▶ **What is being asked**
Your answer must be an exact copy of the records below, with no pictures in it.

[Records drawn from a dataset]
■ ■ ■ ■ ■
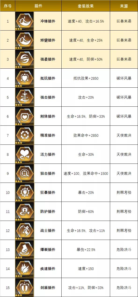 从上图中我们可以看到,全新的3个插件【冲锋插件】、【矫健插件】和【强袭插件】都加入了一个共同的属性速度+40,而另外一个主属性则分别是攻击、生命和防御,其实从这个属性的设置上就能看到策划非常机智的一点,毕竟速度现在在各个副本或是PVP中都是一个抢手属性,理论上回合制的游戏只要手握一速,那么也就意味着掌握了战斗的先机,获胜的可能性也是大大提升,所以在3个新插件中都加入速度属性无疑也是要打这个优势属性的擦边球,不过要说到这3个新插件到底值不值得去努力刷,接着我们还得看看其它插件的属性对比。
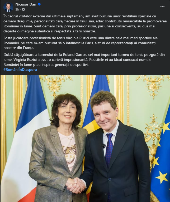Președintele Nicușor Dan a transmis vineri că, în timpul vizitei la Paris, din urmă cu trei săptămâni, s-a întâlnit și cu legendara jucătoare de tenis a României, Virginia Ruzici.
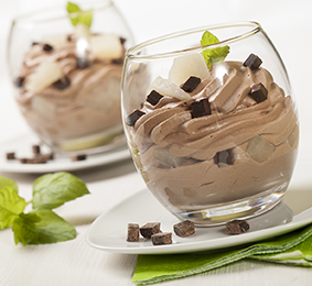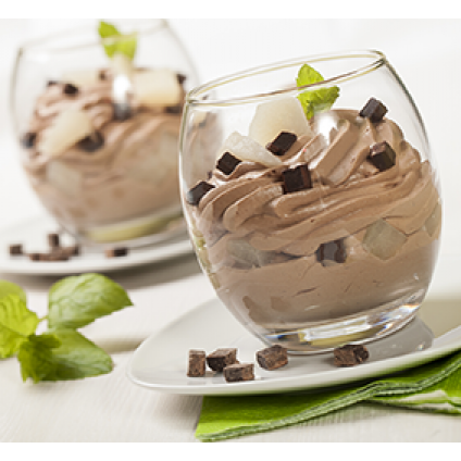 500 g Zeesan Čokoláda, 625 g voda (cca 25°C), 2500 g šlehačka Zeesan rozmícháme s vodou, přidáme 1/4 vyšlehané šlehačky a metličkou zašleháme do hladka
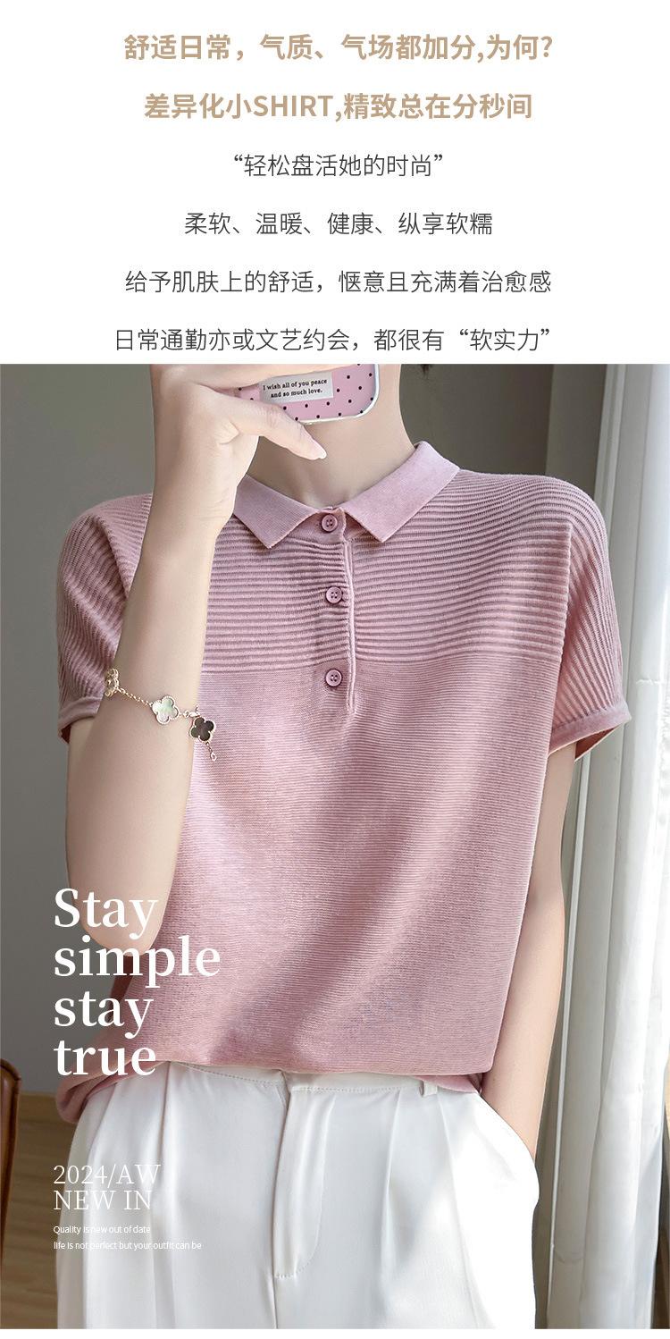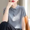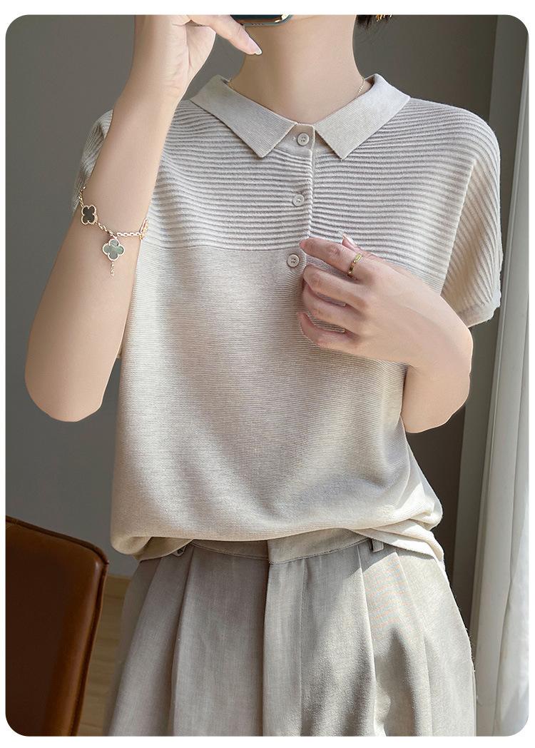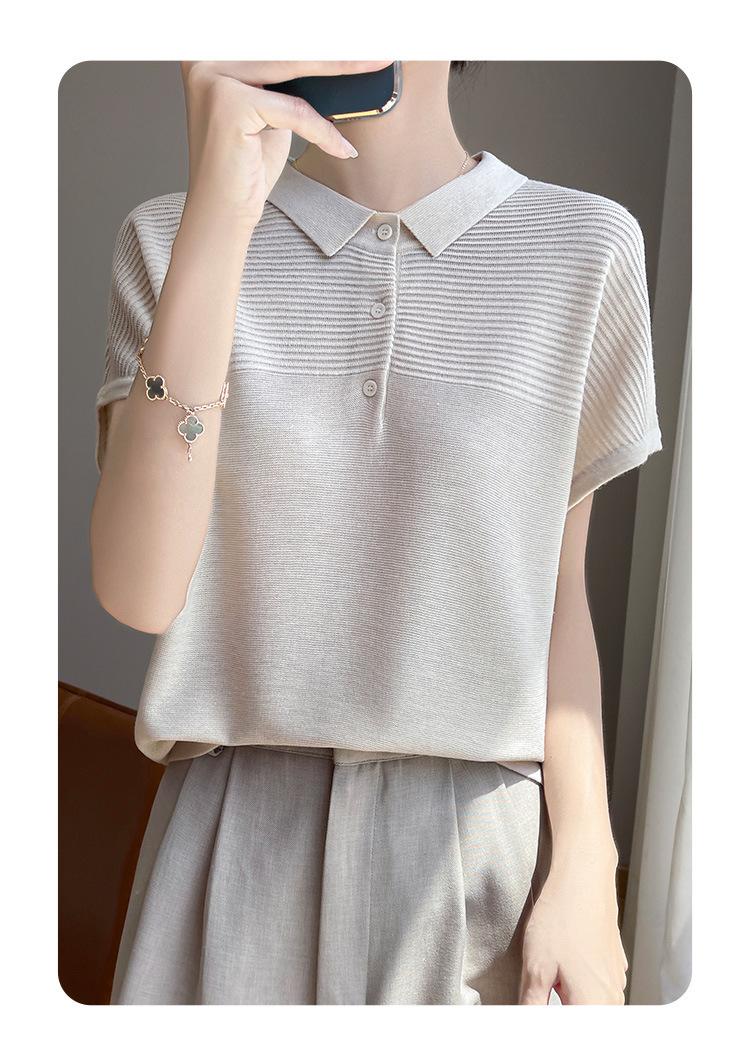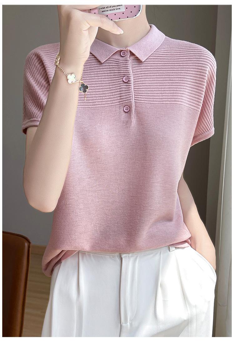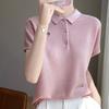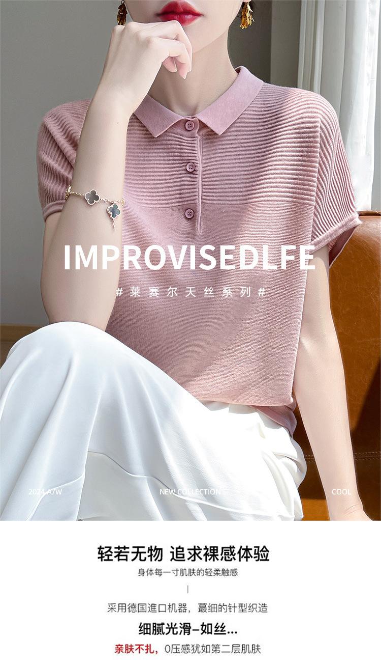 Camiseta de punto de cuello polo de Tencel Lyocell para mujer, camiseta de manga corta, color liso, combinable, novedad de verano de 2024
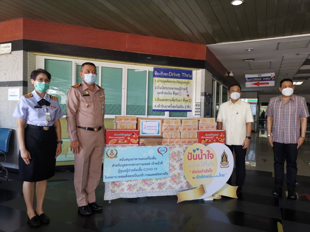 เมื่อวันที่ 18 พ.ค.64 น.อ.สมพร ระวิงทอง รอง ผอ.รพ.สมเด็จพระปิ่นเกล้า พร. ฝ่ายบริหาร รับมอบอาหารข้าวเหนียวหมูทอด จำนวน 130 กล่อง, นม 1 ลัง และส้ม 2 ลัง พร้อมทั้งสเปรย์แอลกอฮอล์ จำนวน 120 ขวด จากโครงการปันน้ำใจคนไทยไม่ทิ้งกัน ของกระทรวงวัฒนธรรม โดยมี คุณกฤษฎา คงกะจันทร์ หัวหน้าผู้ตรวจราชการกระทรวงวัฒนธรรม และคุณนัฐศิษฏ์ ธนชวาลย์ ผู้อำนวยการกองตรวจราชการ เป็นผู้มอบ เพื่อสนับสนุนและเป็นกำลังใจให้กับบุคลากรทางการแพทย์ที่ปฏิบัติงานดูแลผู้ป่วย Covid-19 ณ อาคารเฉลิมพระเกียรติฯ 80 พรรษา / ข่าวบริจาค / By หน่วยขึ้นตรง จำนวนคนดู : 93
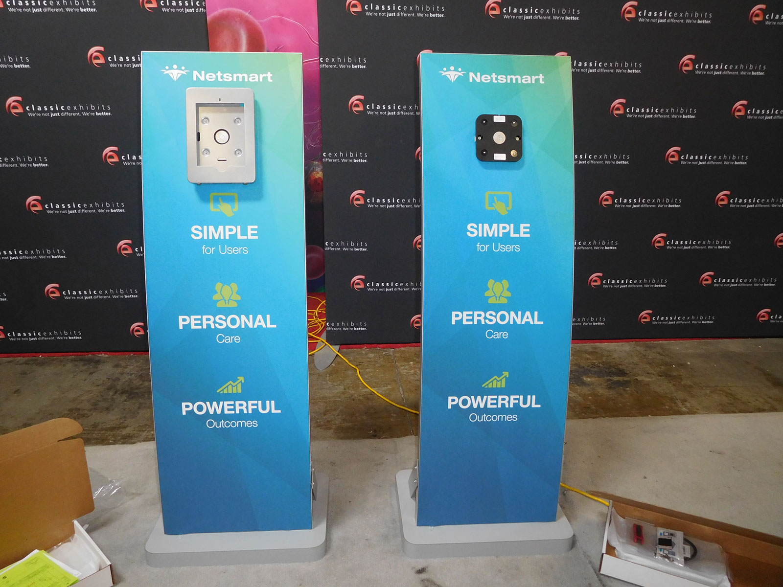 (3) Double-sided MOD-1363 iPad Kiosks with Fabric Graphics (3) Double-sided MOD-1363 iPad Kiosks with Fabric Graphics
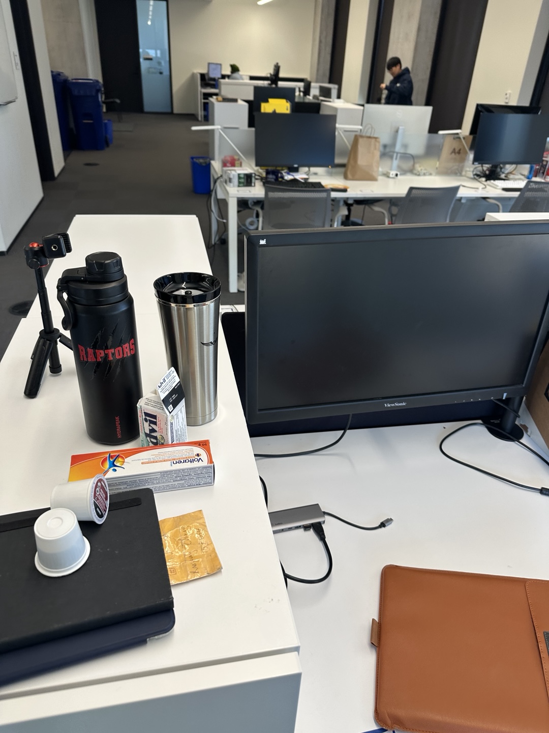 물품은 바르는 약과 복용 약은 어깨를 위한 진통제+소염제, 검정색 물통은 물, 스테인레스 물통은 커피용입니다.
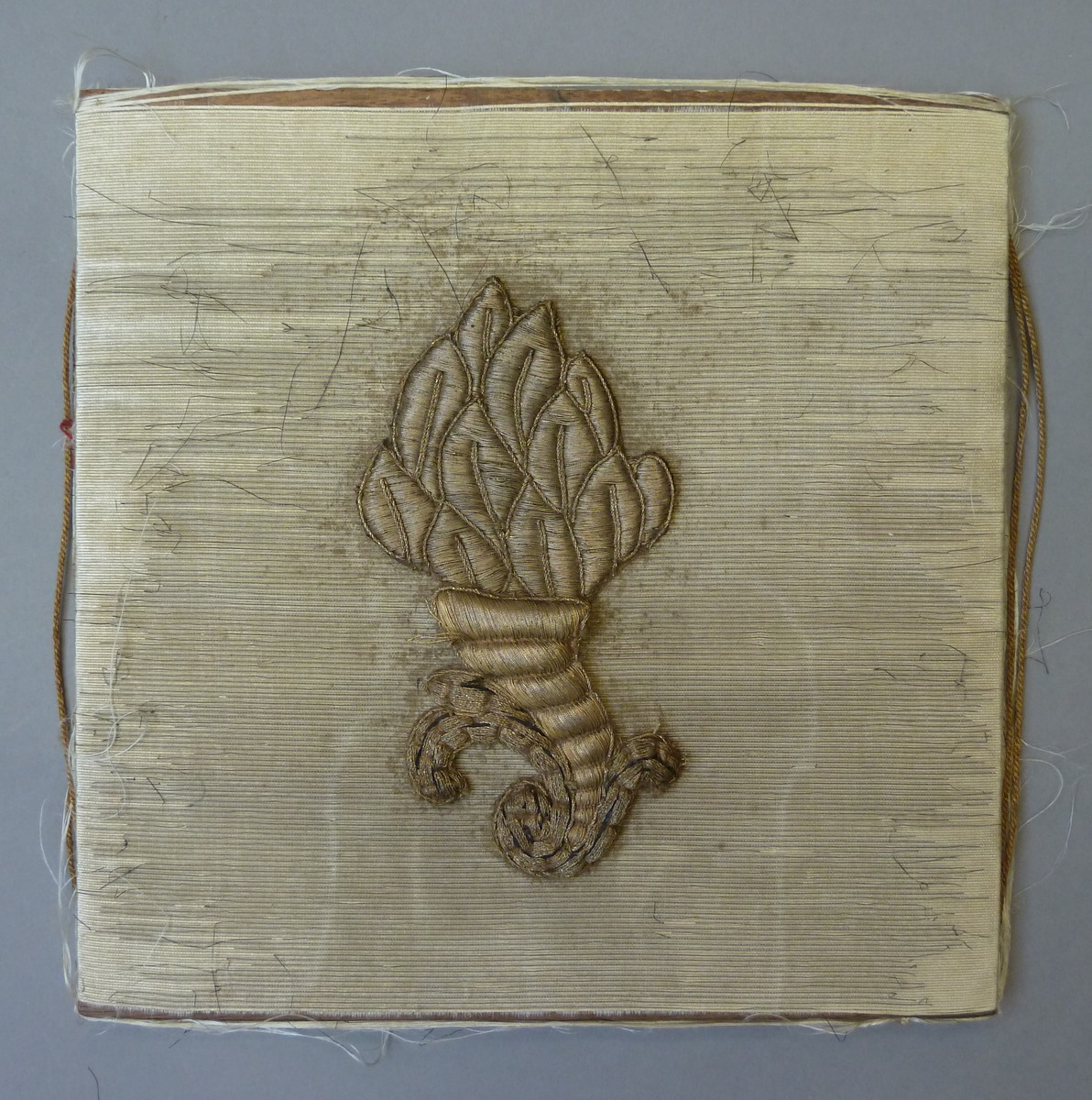 Witte beurs met cornucopia van gehoogd gouddraad
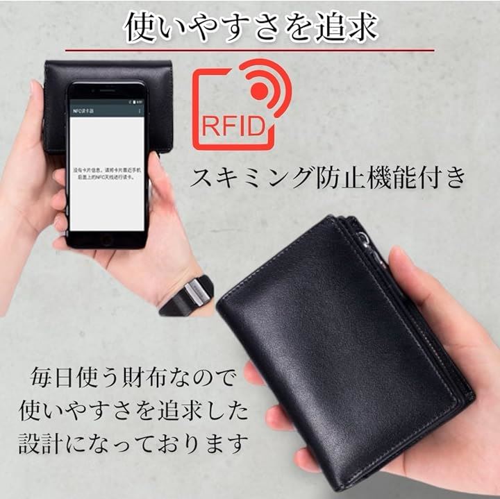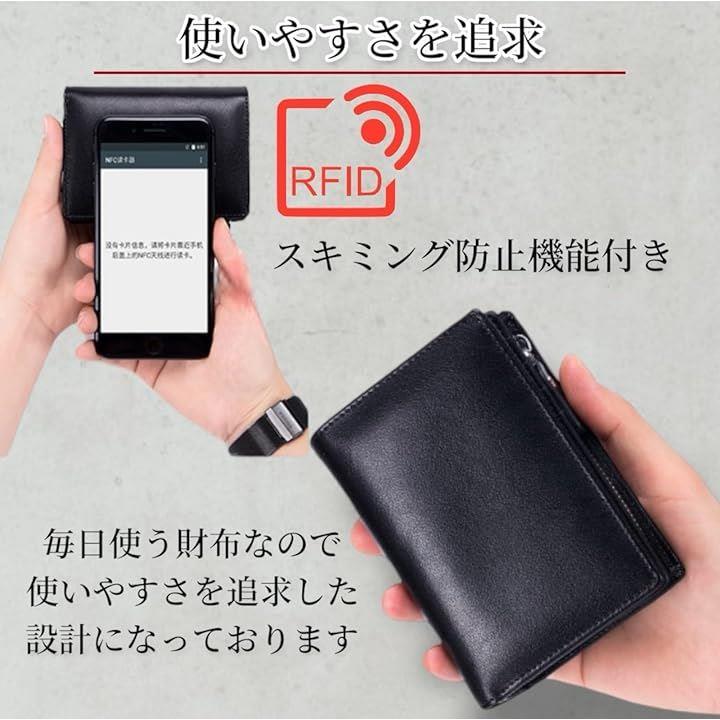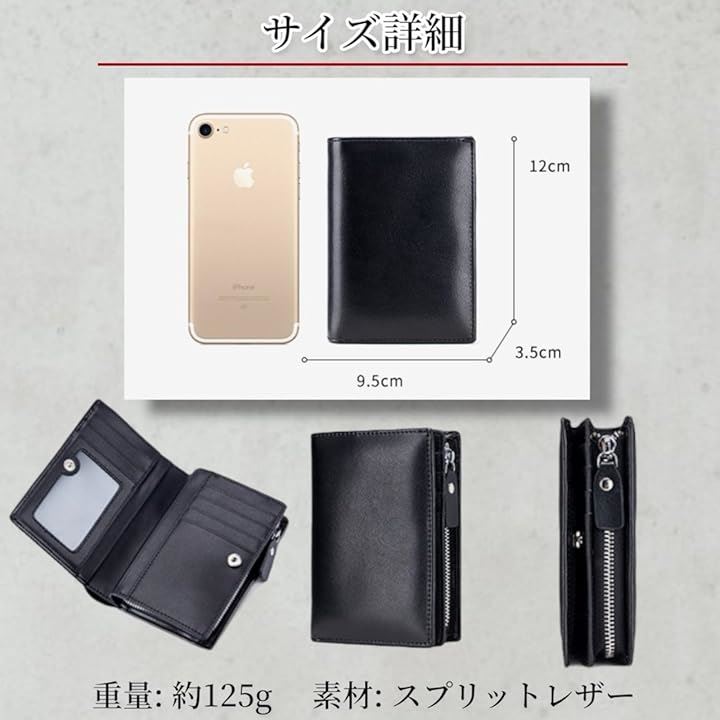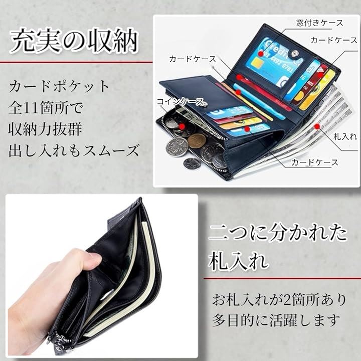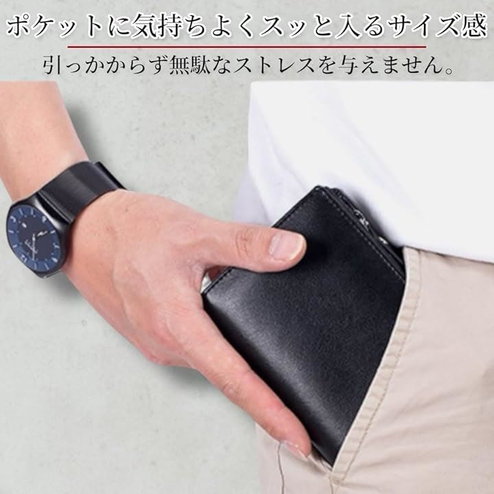 二つ折り財布 L字型ファスナー メンズ レザー 大容量 コンパクト ミニ財布 小さい財布 2つ折り 小銭入れ有り シンプル 無地 カード収納
■ ■ ■ ■ ■
▶ **Response**
 从上图中我们可以看到,全新的3个插件【冲锋插件】、【矫健插件】和【强袭插件】都加入了一个共同的属性速度+40,而另外一个主属性则分别是攻击、生命和防御,其实从这个属性的设置上就能看到策划非常机智的一点,毕竟速度现在在各个副本或是PVP中都是一个抢手属性,理论上回合制的游戏只要手握一速,那么也就意味着掌握了战斗的先机,获胜的可能性也是大大提升,所以在3个新插件中都加入速度属性无疑也是要打这个优势属性的擦边球,不过要说到这3个新插件到底值不值得去努力刷,接着我们还得看看其它插件的属性对比。
Președintele Nicușor Dan a transmis vineri că, în timpul vizitei la Paris, din urmă cu trei săptămâni, s-a întâlnit și cu legendara jucătoare de tenis a României, Virginia Ruzici.
 500 g Zeesan Čokoláda, 625 g voda (cca 25°C), 2500 g šlehačka Zeesan rozmícháme s vodou, přidáme 1/4 vyšlehané šlehačky a metličkou zašleháme do hladka
 Camiseta de punto de cuello polo de Tencel Lyocell para mujer, camiseta de manga corta, color liso, combinable, novedad de verano de 2024
 เมื่อวันที่ 18 พ.ค.64 น.อ.สมพร ระวิงทอง รอง ผอ.รพ.สมเด็จพระปิ่นเกล้า พร. ฝ่ายบริหาร รับมอบอาหารข้าวเหนียวหมูทอด จำนวน 130 กล่อง, นม 1 ลัง และส้ม 2 ลัง พร้อมทั้งสเปรย์แอลกอฮอล์ จำนวน 120 ขวด จากโครงการปันน้ำใจคนไทยไม่ทิ้งกัน ของกระทรวงวัฒนธรรม โดยมี คุณกฤษฎา คงกะจันทร์ หัวหน้าผู้ตรวจราชการกระทรวงวัฒนธรรม และคุณนัฐศิษฏ์ ธนชวาลย์ ผู้อำนวยการกองตรวจราชการ เป็นผู้มอบ เพื่อสนับสนุนและเป็นกำลังใจให้กับบุคลากรทางการแพทย์ที่ปฏิบัติงานดูแลผู้ป่วย Covid-19 ณ อาคารเฉลิมพระเกียรติฯ 80 พรรษา / ข่าวบริจาค / By หน่วยขึ้นตรง จำนวนคนดู : 93
 (3) Double-sided MOD-1363 iPad Kiosks with Fabric Graphics (3) Double-sided MOD-1363 iPad Kiosks with Fabric Graphics
 물품은 바르는 약과 복용 약은 어깨를 위한 진통제+소염제, 검정색 물통은 물, 스테인레스 물통은 커피용입니다.
 Witte beurs met cornucopia van gehoogd gouddraad
 二つ折り財布 L字型ファスナー メンズ レザー 大容量 コンパクト ミニ財布 小さい財布 2つ折り 小銭入れ有り シンプル 無地 カード収納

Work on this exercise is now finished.